Deriving inspiration from their dissatisfaction with the music industry and their previous experiences involving it (several members hail from past broken up bands such as Mclusky and Jarcrew), How to Stop Your Brain in an Accident blends satirically brutal lyricism and vocals with hard bass lines and grinding rage. Songs vary, but largely take form as comical testaments against ‘the man’ and its institutions.

One of the most appealing aspects of the artful composition is the back and forth fashion in which tracks instantaneously rotate on a sharp note, shifting mood and structure on a whim, and then falling back into normality just as quickly . For example, “Something happened” holds a paranoid presence throughout its opening, exhibiting fuzzy atmospheric ambient chords, but swings on a single note, erupting in a joyful upheaval of cheer, yet soon falling back into its melancholy haze.

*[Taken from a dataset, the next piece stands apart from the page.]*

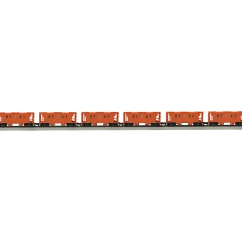 This is MTH 35-70006 6-Car Hopper Set DT&I. 6-car Ps-2 hopper car set, Detroit Toledo & Ironton. Car numbers: 11126, 11149, 11105, 11133, 11152, 11168. Until the advent of the covered hopper, bulk commodities like grain and cement were usually packed in s
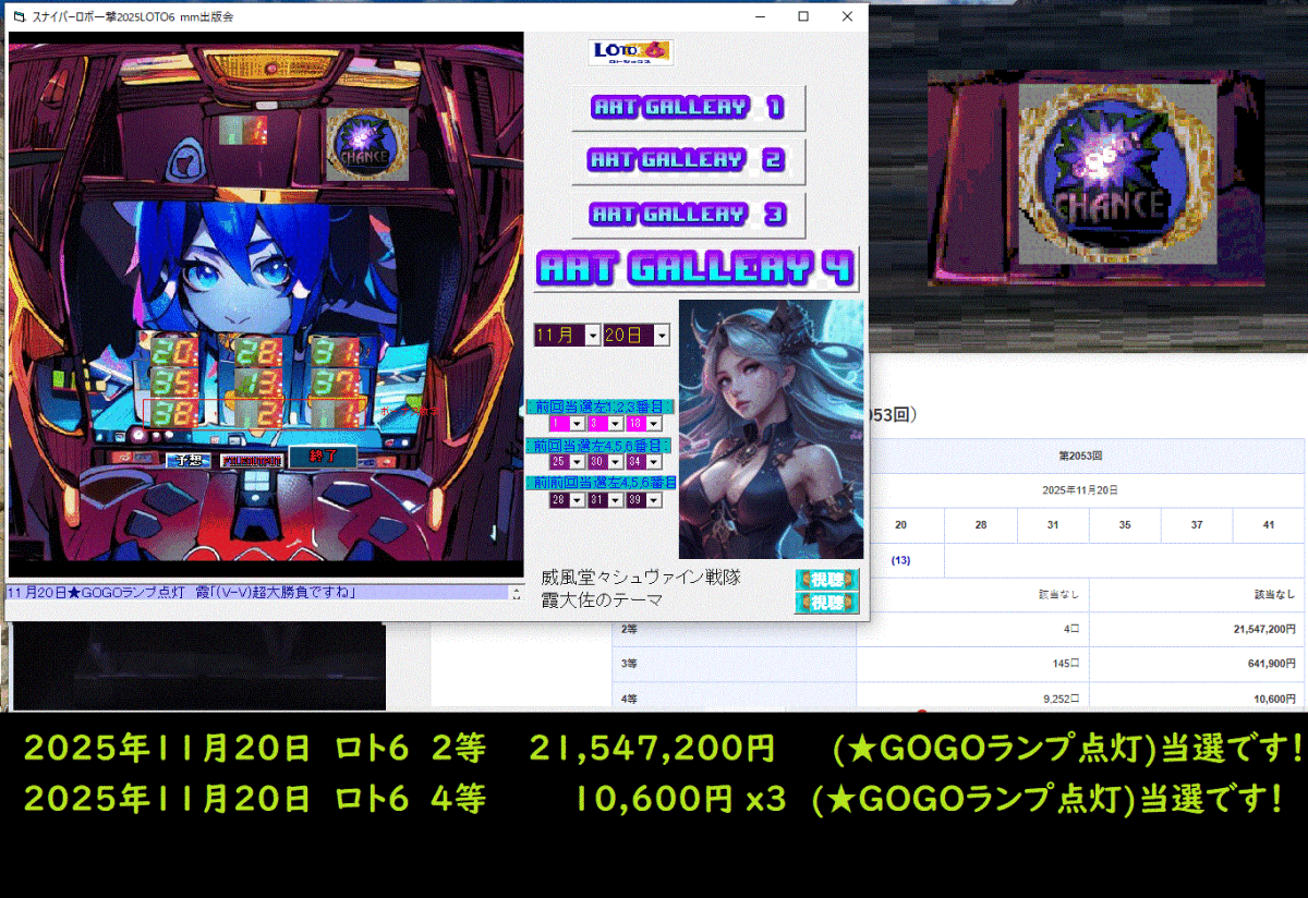 新作 ロト6予想ソフト『スナイパーロボ一撃2025LOTO6』2025年11月20日 ロト6 2等  21,547,200円 (★GOGOランプ点灯)当選です!♪

Cheeky, bloated, perplexing, and ultimately British, the comical lyrics breath a dry humor into most tracks, often confounding the listener with lines that have to speak for themselves, like this excerpt from “Things to Say to Friendly Policemen”: “Make me into your kettle drum / Turn me into your black percussion / Pull me into your parking shed / Make believe I’m your second cousin”.

Compounding every morsel of satirical rant into one song, “Singing of the Bonesaws” contains a single continuous tirade of disgust against pop culture that diverges into individual tangents, each more nonsensical. The polemic onslaught concludes with a hypnotic repetition of a certain crass phrase continuously, fizzing into a hasty close.

One track in particular touches upon a lighter note, standing out as distinct compared to its predecessors and successors. “French Lessons” utilizes simple piano and guitar melodies without the distortion of other tracks. It gracefully executes itself cleverly, summoning themes of childhood, family, and love, extending and expressing itself especially with use of lyrics such as “They say the price of love is a black hole / Where your friends were / Where your social life sits”.

Greedy, grimy, critical and crass, How to Stop Your Brain in an Accident certainly delivers, providing a punching bag for the consciousness and inner ear to annihilate. Venturing into places of violence, be careful making a journey into the record, the depraved lewdness and tempting madness within may start to become appealing.